Anzi, visto che è casualmente gluten free, io partecipo al contest anche con questa. Poi... vedremo...
Ricciarelli
(da una ricetta del Talismano della Felicità)Ingredienti
(per circa 25 ricciarelli)
(da una ricetta del Talismano della Felicità)Ingredienti
(per circa 25 ricciarelli)
- 200 g di mandorle
- 200 g di zucchero semolato
- 100 g di zucchero a velo
- maizena q.b. (¶)
- 2 albumi
- la buccia grattata di un'arancia
- aroma di mandorle amare (¶)
- un pizzico di sale
Preparazione
Quando sono ben raffreddare, metterle nel mixer con un cucchiaio di zucchero semolato tolto dal totale e ottenerle una farina il più possibile omogenea. Eventualmente setacciarla (io non l'ho fatto, non mi sembrava necessario per questo tipo di dolce).
Amalgamare alla farina di mandorle così ottenuta il restante zucchero semolato, la buccia grattata dell'arancia, e (nella ricetta non era indicata, ma secondo me ci sta perché i ricciarelli hanno sicuramente un retrogusto di mandorle amare) l'aroma di mandorle amare. Lo so che gli aromi sono una schifezza, ma l'estate scorsa mi sono scordata di farmi una scorta di armelline, cosa uso quando mi serve ottenere l'odore di mandorla amara?
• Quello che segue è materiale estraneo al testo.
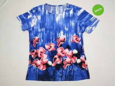 Koszulka damska w kwiaty - Kolor: granatowy z białym, drobnym kwiecistym nadrukiem - Krój: luźny T‑shirt z krótkim rękawem - Dekolt: w kształcie litery V - Rozmiar z metki: XL - Materiał: lekka, g...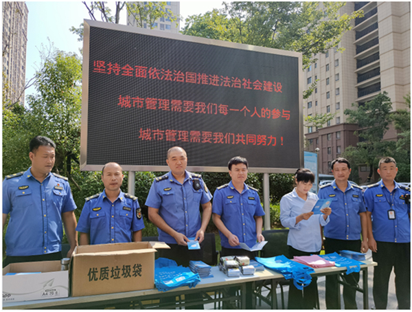 城管局工作人員在好人廣場進(jìn)行普法宣傳

Sbattere le chiare d'uovo quel tanto che basta per romperle, senza montarle.
Amalgamarle al composto di mandorle e zucchero, mescolando sulla spianatoia "infarinata" con 50g di zucchero a velo, che verrà immediatamente assorbito. Eventualmente infarinare la spianatoia con un po' di maizena per riuscire a lavorare l'impasto.
Quando è amalgamato, stenderlo con il mattarello dell'altezza di circa mezzo dito, e ritagliarlo a rombi, ai quali darete una forma meno squadrata, rifinendoli con le mani.
Metterli su una placca ricoperta di carta forno e farli riposare per 12 ore (io una notte).
Passate le 12 ore cospargerli con il restante zucchero a velo,metterli in forno leggero (meno di 150°) per un quarto d'ora circa. L'importante è che non scuriscano, quindi vanno guardati spesso.
Una volta estratti dal forno vi sembreranno molto fragili, non temete, una volta raffreddati si consolideranno.